[Start of Attachment]
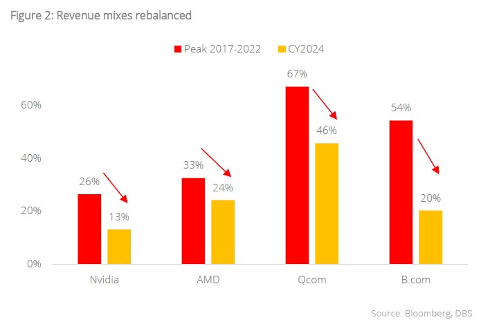 Rebalancing of revenue mix. Notably, leading IC design firms are undergoing a significant rebalancing in their revenue mix, with China’s contribution steadily declining. Nvidia’s China-derived revenue has dropped by half—from a peak of 26% to just 13%. Broadcom shows a similar trend, with China now contributing only 20%, down sharply from 54% at its peak (Figure 2).
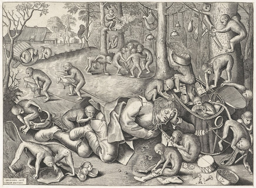 The history of jaw harps dates beyond the fifth century BCE in Asia. Archaeological evidence places the instrument’s arrival in Europe around 1200, with the migration occurring along northern routes through the Baltic. Due to their mundane nature, jaw harps rarely appear in historic accounts or art. Two exceptions include Pieter Bruegel the Elder’s The Sleeping Peddler Robbed by Monkeys (1562), which helps identify peddlers as the main purveyors of jaw harps, and accounts of the North Berwick Witch Trials (1590-1592), where one of the accused performed for James VI of Scotland. Witches aside, the most common players at this time included the lower classes and soldiers.
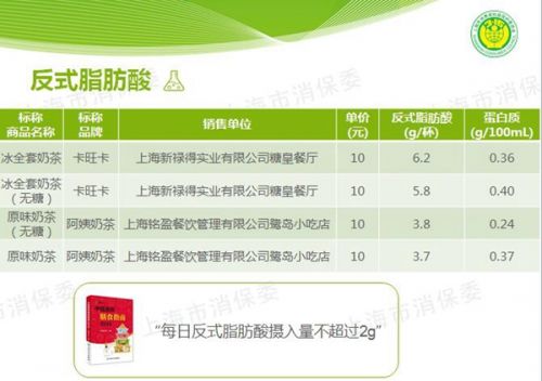 眾所周知,攝入過量反式脂肪酸,會(huì)影響健康,《中國居民膳食指南》建議每日攝入量不超過2克。但檢測發(fā)現(xiàn),卡旺卡、阿姨奶茶的4款樣品,反式脂肪酸均超過了這個(gè)標(biāo)準(zhǔn),最高的卡旺卡冰全套奶茶反式脂肪酸為6.2克/杯。值得注意的是,這4款奶茶的蛋白質(zhì)含量均不高,一定程度上說明原料可能并不健康。
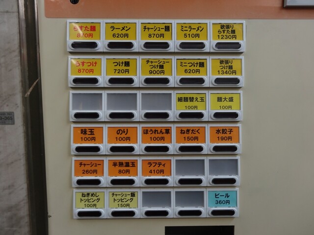 夕食前の早めの訪問で、運よく店舗前に待ちは客はおらず、入店しますと左側に券売機があり、プラスチック製の色つきプラ券が元直系を感じさせますね。
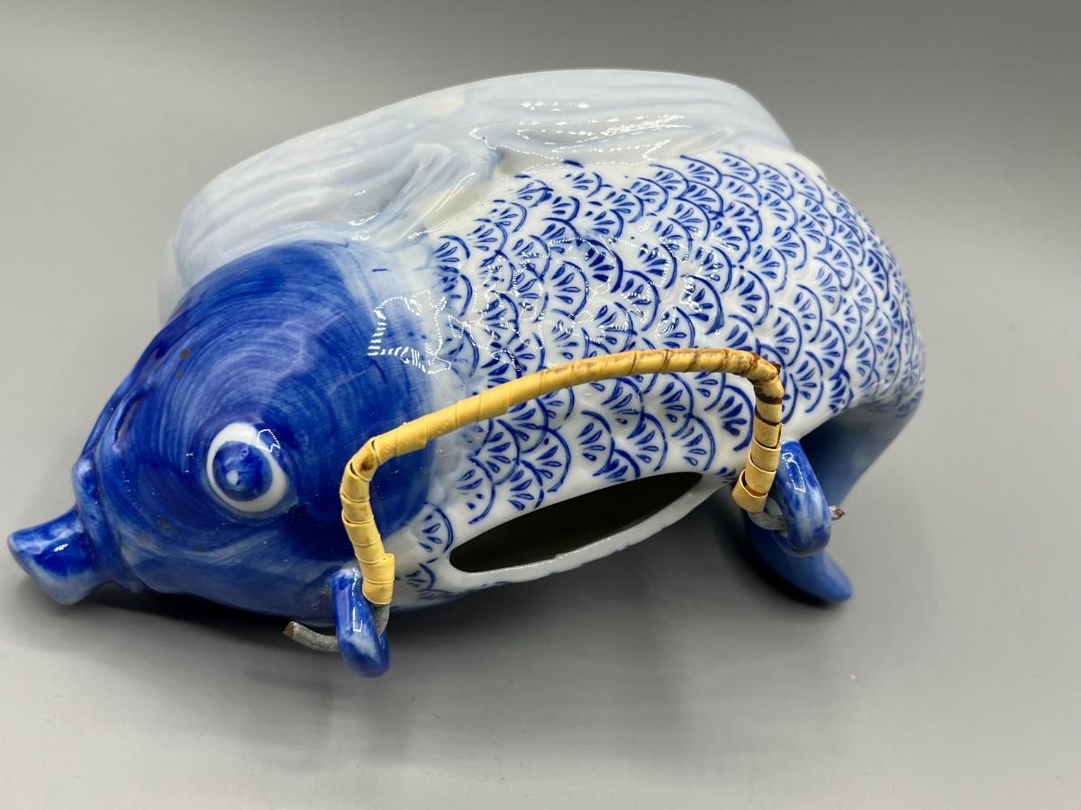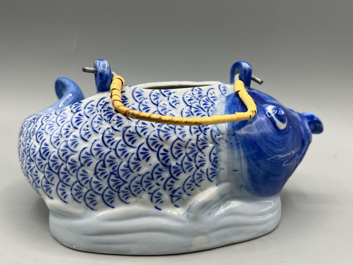 Vintage hand painted Chinese blue & white koi fish teapot. Nicely decorated. Wrapped cane handle. Does not have a lid, not sure if it originally had one or not. In good condition. About 6" size.
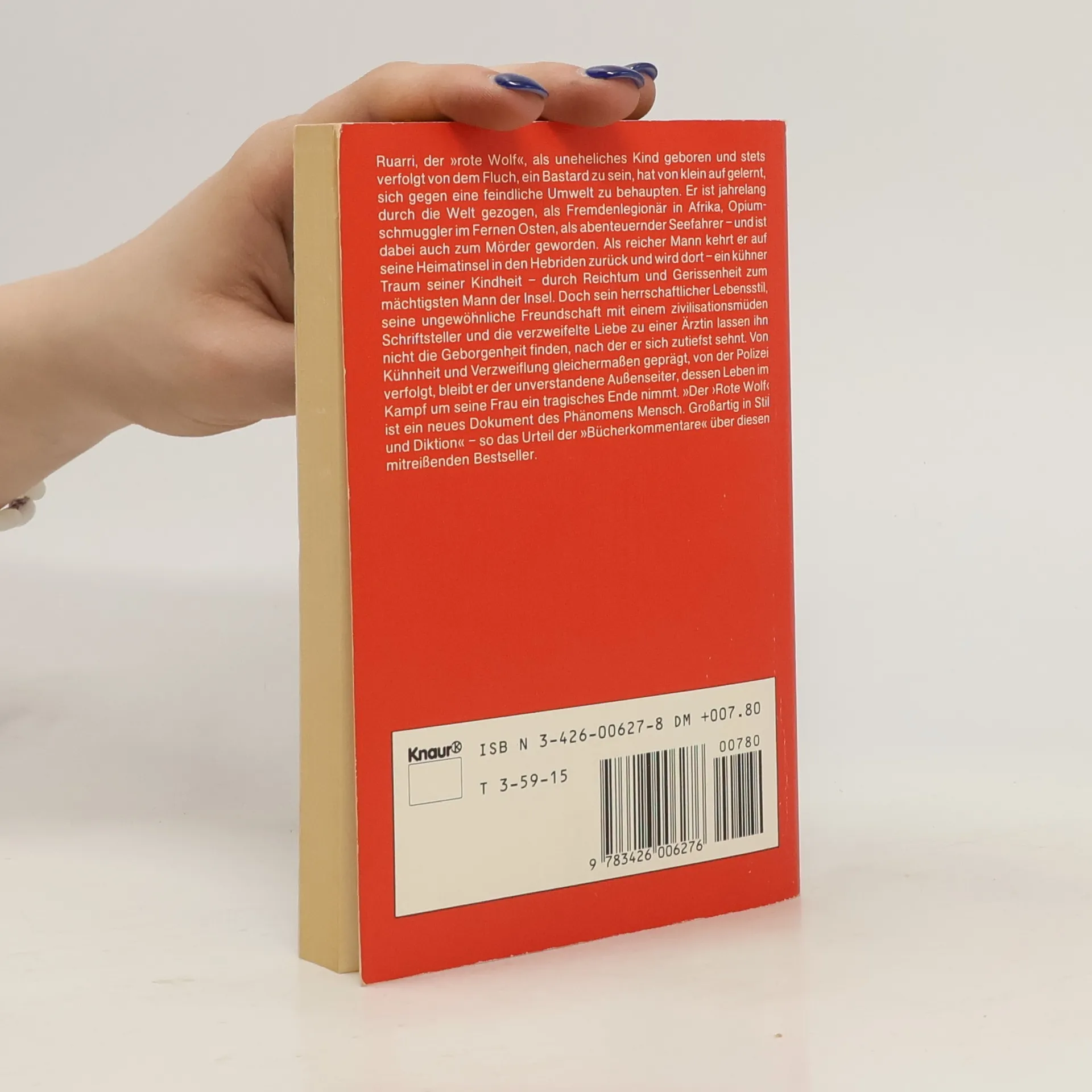 Ruarri, der "rote Wolf", als uneheliches Kind geboren und stets verfolgt von dem Fluch, ein Bastard zu sein, hat von klein auf gelernt, sich gegen eine feindliche Umwelt zu behaupten. Er ist jahrelang durch die Welt gezogen, als Fremdenlegionär in Afrika. Opiumschmuggler im Fernen Osten, als abenteuernder Seefahrer - und ist dabei auch zum Mörder geworden. Als reicher Mann kehrt er auf seine Heimatinsel in den Hebriden zurück und wird dort - ein kühner Traum seiner Kindheit - durch Reichtum und Gerissenheit zum mächtigsten Mann der Insel. Doch sein herrschaftlicher Lebensstil, seine ungewöhnliche Freundschaft mit deinem zivilisationsmüden Schriftsteller und die verzweifelte Liebe zu einer Ärztin lassen ihn nicht die Geborgenheit finden, nach der er sich zutiefst sehnt. Von Kühnheit und Verzweiflung gleichermaßen geprägt, von der Polizei verfolgt, bleibt er der unverstandene Außenseiter, dessen Leben im Kampf um seine Frau ein tragisches Ende nimmt.
[End of Attachment]
Activity - None of the pictures should appear, though every line of the data above must be reproduced exactly.

Response to the exercise -
 Rebalancing of revenue mix. Notably, leading IC design firms are undergoing a significant rebalancing in their revenue mix, with China’s contribution steadily declining. Nvidia’s China-derived revenue has dropped by half—from a peak of 26% to just 13%. Broadcom shows a similar trend, with China now contributing only 20%, down sharply from 54% at its peak (Figure 2).
 The history of jaw harps dates beyond the fifth century BCE in Asia. Archaeological evidence places the instrument’s arrival in Europe around 1200, with the migration occurring along northern routes through the Baltic. Due to their mundane nature, jaw harps rarely appear in historic accounts or art. Two exceptions include Pieter Bruegel the Elder’s The Sleeping Peddler Robbed by Monkeys (1562), which helps identify peddlers as the main purveyors of jaw harps, and accounts of the North Berwick Witch Trials (1590-1592), where one of the accused performed for James VI of Scotland. Witches aside, the most common players at this time included the lower classes and soldiers.
 眾所周知,攝入過量反式脂肪酸,會(huì)影響健康,《中國居民膳食指南》建議每日攝入量不超過2克。但檢測發(fā)現(xiàn),卡旺卡、阿姨奶茶的4款樣品,反式脂肪酸均超過了這個(gè)標(biāo)準(zhǔn),最高的卡旺卡冰全套奶茶反式脂肪酸為6.2克/杯。值得注意的是,這4款奶茶的蛋白質(zhì)含量均不高,一定程度上說明原料可能并不健康。
 夕食前の早めの訪問で、運よく店舗前に待ちは客はおらず、入店しますと左側に券売機があり、プラスチック製の色つきプラ券が元直系を感じさせますね。
 Vintage hand painted Chinese blue & white koi fish teapot. Nicely decorated. Wrapped cane handle. Does not have a lid, not sure if it originally had one or not. In good condition. About 6" size.
 Ruarri, der "rote Wolf", als uneheliches Kind geboren und stets verfolgt von dem Fluch, ein Bastard zu sein, hat von klein auf gelernt, sich gegen eine feindliche Umwelt zu behaupten. Er ist jahrelang durch die Welt gezogen, als Fremdenlegionär in Afrika. Opiumschmuggler im Fernen Osten, als abenteuernder Seefahrer - und ist dabei auch zum Mörder geworden. Als reicher Mann kehrt er auf seine Heimatinsel in den Hebriden zurück und wird dort - ein kühner Traum seiner Kindheit - durch Reichtum und Gerissenheit zum mächtigsten Mann der Insel. Doch sein herrschaftlicher Lebensstil, seine ungewöhnliche Freundschaft mit deinem zivilisationsmüden Schriftsteller und die verzweifelte Liebe zu einer Ärztin lassen ihn nicht die Geborgenheit finden, nach der er sich zutiefst sehnt. Von Kühnheit und Verzweiflung gleichermaßen geprägt, von der Polizei verfolgt, bleibt er der unverstandene Außenseiter, dessen Leben im Kampf um seine Frau ein tragisches Ende nimmt.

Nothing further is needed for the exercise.